"Thousands of kids are functionally illiterate"

Discussion in 'Education and Academia' started by pething101, Jun 2, 2005.

  1. Auriaprottu

    Auriaprottu Member+

    Atlanta Damn United
    Apr 1, 2002
    The back of the bus
    Club:
    Atlanta
    Nat'l Team:
    --other--
    I just read this thread and was jawdropped at your previous arrogance. There is nothing worse in teaching than trying to motivate a bunch of students whose parents and environment work against you at every turn, either deliberately or out of ignorance- and then being blamed when they fail because of their own lack of home preparation.

    The sad thing is that there are no consequences out there for the kind of student who can drop out in 9th or 10th grade out and do as well as his parents. They end up leading the lives they've always led and the school's outside community is not only accepting of that, they're downright hostile to people who suggest that there's something better... you know, the reason you're supposed to study hard to begin with. Then they go out and breed and the whole ugly cycle begins anew.

    This.
     
  2. soccernutter

    soccernutter Moderator
    Staff Member

    Tottenham Hotspur
    Aug 22, 2001
    Near the mountains.
    Club:
    Tottenham Hotspur FC
    Nat'l Team:
    United States
    Yup, that is the research.

    That seems to be best practices.

    Add care and time given to the student and that is why she was successful.
    I would guess you mean to say that you teach in a lower income/transient population school.

    In a lot of conversations I've had with other teachers (and going though grad school), I think the problem falls back on the parents. Some is limited by economics, but some is simply not undertaken. At the least, by the time kids reach kindergarten, they should know basic addition and be able to identify all the letters of the alphabet. Research shows that if a student does not, that student will likely struggle through the entire educational system, and possibly drop out. This is something that parents, up front, can prevent.
     
  3. soccernutter

    soccernutter Moderator
    Staff Member

    Tottenham Hotspur
    Aug 22, 2001
    Near the mountains.
    Club:
    Tottenham Hotspur FC
    Nat'l Team:
    United States
    I read that a bit different, and will look at the examples of two movies about teachers.

    One thing many of these students lack is a family structure, one of stability (this is a common theme running though my students' comments). On a regular basis, they have to learn to take care of themselves during their early teen years. Thus, they are doing what they do to make money and get food in their belly from an early age, an age when suburban children are starting to develop deeper and more critical thinking skills by analyzing the world around them.
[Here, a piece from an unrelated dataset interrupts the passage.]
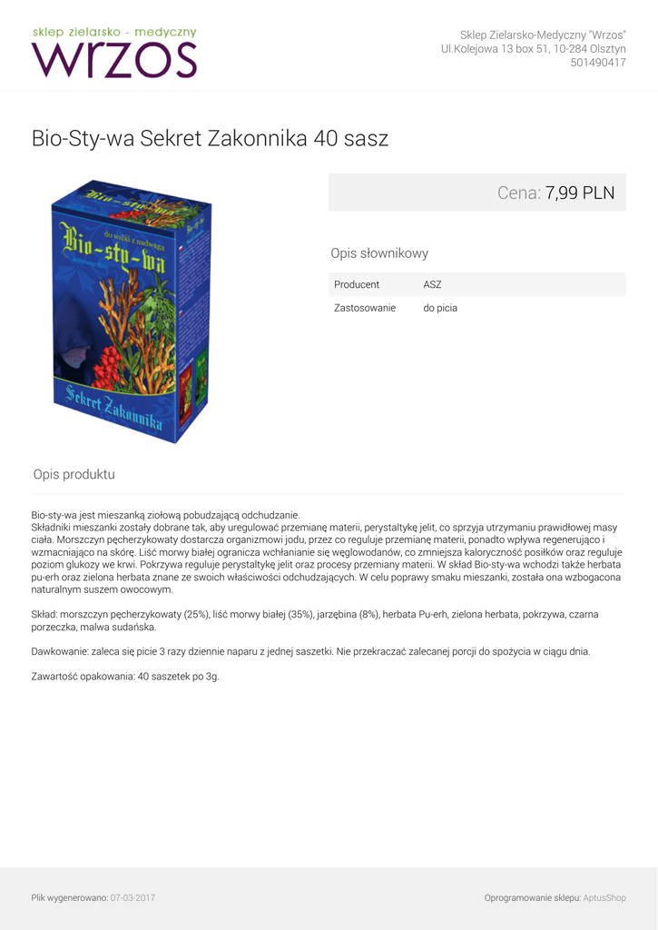 Sklep Zielarsko-Medyczny "Wrzos" Ul.Kolejowa 13 box 51, 10-284 Olsztyn 501490417 Bio-Sty-wa Sekret Zakonnika 40 sasz Cena: 7,99 PLN Opis słownikowy Producent ASZ Zastosowanie do picia Opis produktu Bio-sty-wa jest mieszanką ziołową pobudzającą odchudzanie. Składniki mieszanki zostały dobrane tak, aby uregulować przemianę materii, perystaltykę jelit, co sprzyja utrzymaniu prawidłowej masy ciała. Morszczyn pęcherzykowaty dostarcza organizmowi jodu, przez co reguluje przemianę materii, ponadto wpływa regenerująco i wzmacniająco na skórę. Liść morwy białej ogranicza wchłanianie się węglowodanów, co zmniejsza kaloryczność posiłków oraz reguluje poziom glukozy we krwi. Pokrzywa reguluje perystaltykę jelit oraz procesy przemiany materii. W skład Bio-sty-wa wchodzi także herbata pu-erh oraz zielona herbata znane ze swoich właściwości odchudzających. W celu poprawy smaku mieszanki, została ona wzbogacona naturalnym suszem owocowym. Skład: morszczyn pęcherzykowaty (25%), liść morwy białej (35%), jarzębina (8%), herbata Pu-erh, zielona herbata, pokrzywa, czarna porzeczka, malwa sudańska. Dawkowanie: zaleca się picie 3 razy dziennie naparu z jednej saszetki. Nie przekraczać zalecanej porcji do spożycia w ciągu dnia. Zawartość opakowania: 40 saszetek po 3g. Plik wygenerowano: 07-03-2017 Powered by TCPDF (www.tcpdf.org) Oprogramowanie sklepu: AptusShop

Often times, these suburban children will do this analysis on some vacation, apply what they learned in school to the environment in which they are vacationing. The inner-city kid, while possibly on vacation, will use that time to relax as a way of being away from the daily stress of having to survive.
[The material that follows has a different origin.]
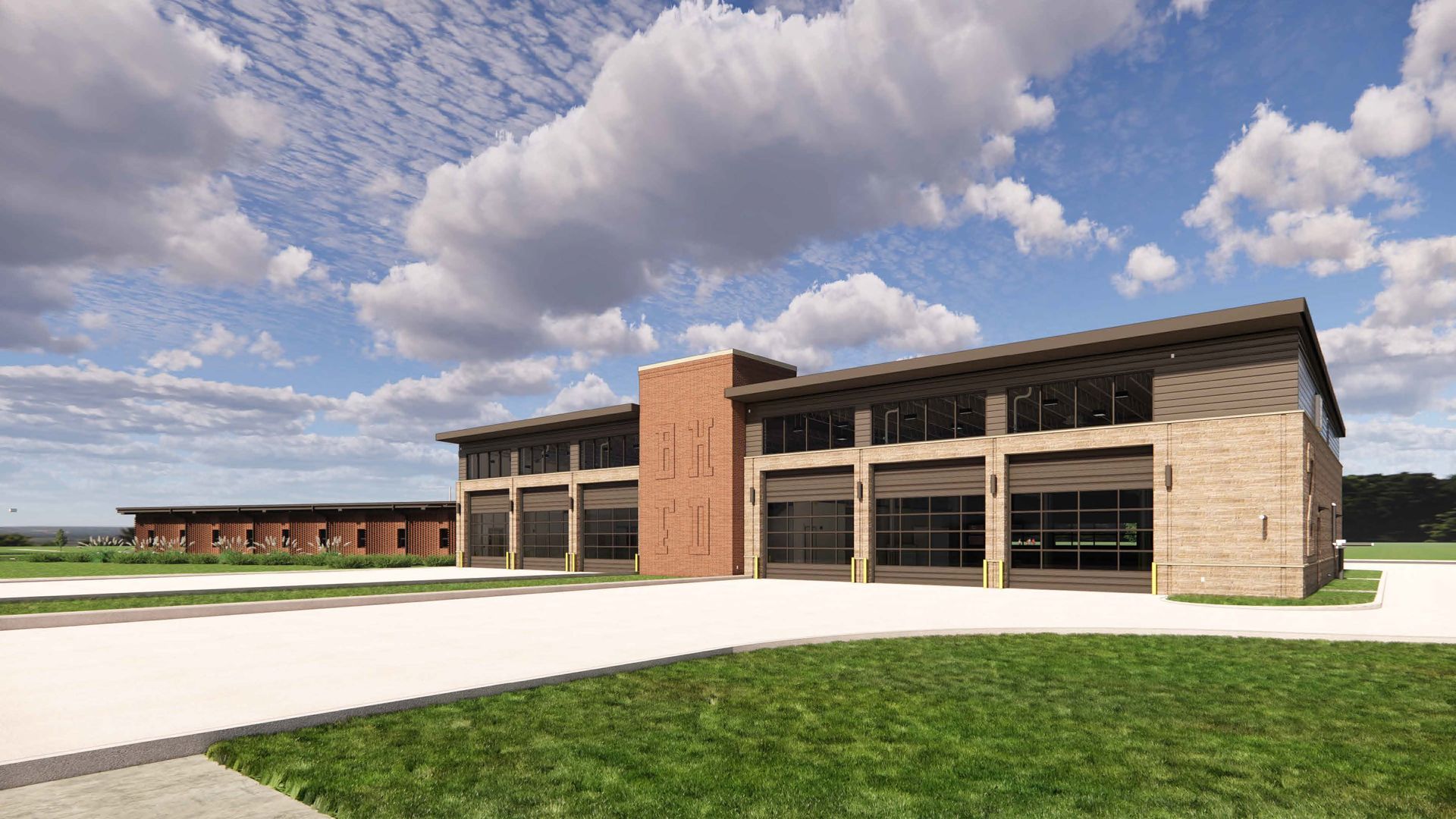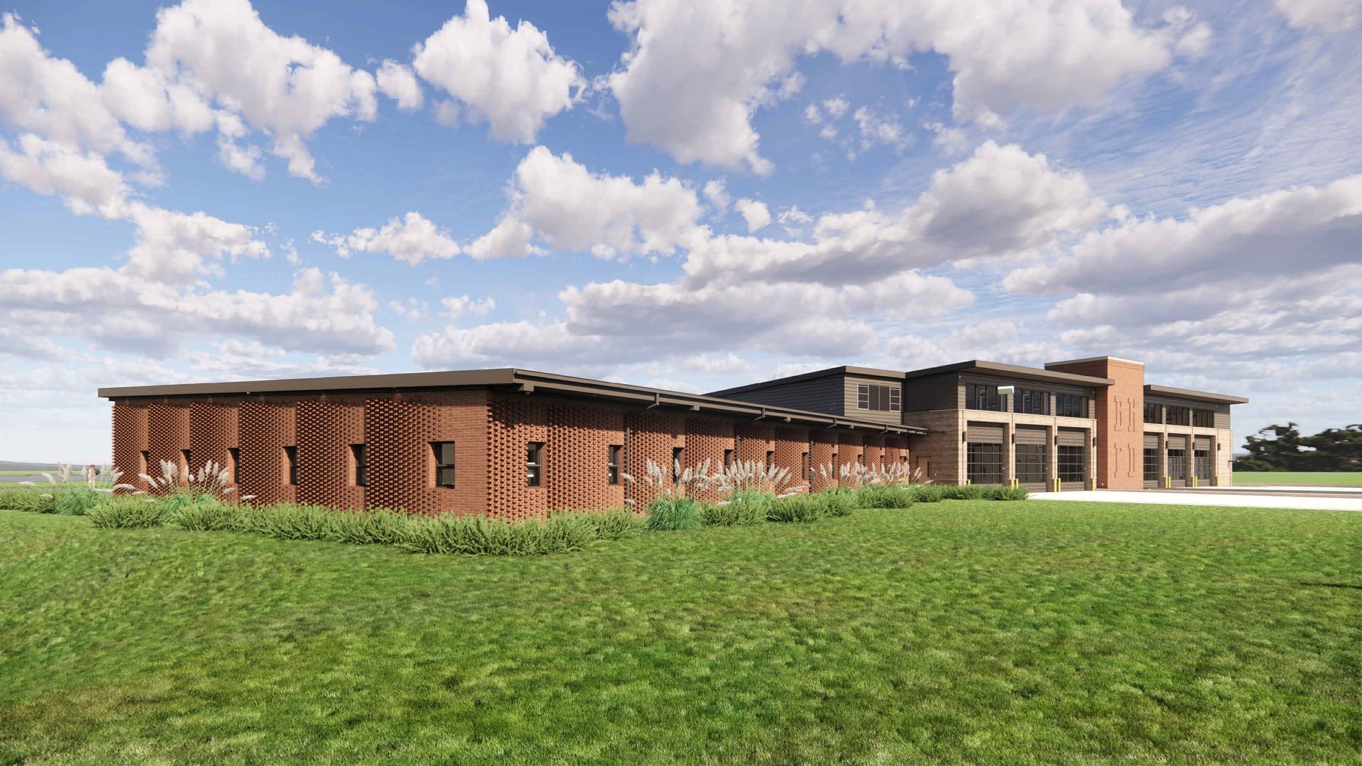 Operational efficiency and firefighter wellness were central to the design. The facility includes proper dorm rooms for crew members and ample double pull-through apparatus bays to support quick, efficient response times. Because the site fronts a busy roadway, the design carefully balances privacy with access to natural light and fresh air. Crew living and support spaces are located toward the rear of the building, providing a quieter environment for rest, decompression, and recovery.

    All of this translates back into priorities. The inner-city kids have to balance survival now with education now. And whether you take Maslow or Gardner, kids will find that they belong more comfortably with "gangs" or groups that tend towards gang-like behavior. Thus, by the time they reach high school, a teacher (adult) will need to work very hard to gain the trust of a student, making them believe they care. And often this means that the teacher will need to sacrifice their own personal life. Look at Erin Grewel (Freedom Writers) and Jamie Escelante (Stand and Deliver). I know a teacher at my own high school (white collar community) who was so focused on his students that he began to have trouble with his marriage.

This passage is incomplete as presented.